なお、最後に端本悟さんとお母様の話もあります。端本さんのご両親もまた被害者の会に加わり、息子を奪回させようと頑張ったのですが、「逮捕されて嬉しかった」というほどだったのが、悲しいです。

端本悟さんもまた、坂本弁護士事件と松本サリン事件に関与したため、オウム真理教内での位は下だったのに、死刑囚になってしまったのだから。

ただ、端本悟さんの方がまだ救いがあったのではないかと思ったのは、「端本被告は、教団と無関係の弁護士を選び、教団との接点はほとんどなくなった」とあるように、端本さん自身は教団内でも戒律を破ったりするタイプだったからです。

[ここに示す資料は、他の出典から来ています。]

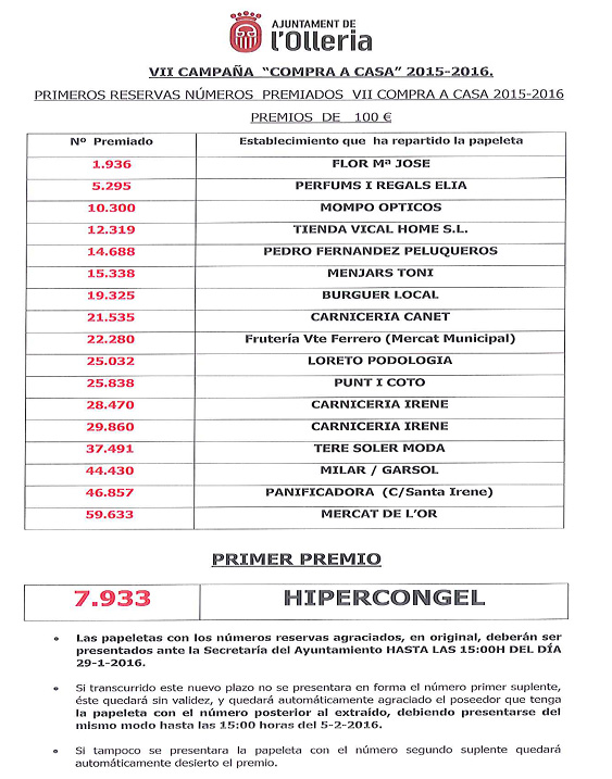 Noticia relacionada:  Listado de números premiados en la VII Campaña «Compra a Casa»

端本さんや、その周辺の信徒は出家信徒とはいえ、教祖の近くにいる中川さんに対しては「教祖に迎合する」「ボンボン」とあまり良い目で見ていないことも注目点だと思います。

中川さんのお母様が設立当初から入会していた「オウム真理教被害者の会」は、

中川さんのように、加害者として公判を受ける者も会員の子供の間で出てきたことから

実情にそぐわないということで、「オウム真理教家族の会」として、今も存在しています。

なお、加害者家族の苦悩を知る一冊がこちらです。

 

加害者家族 (幻冬舎新書 す 4-2)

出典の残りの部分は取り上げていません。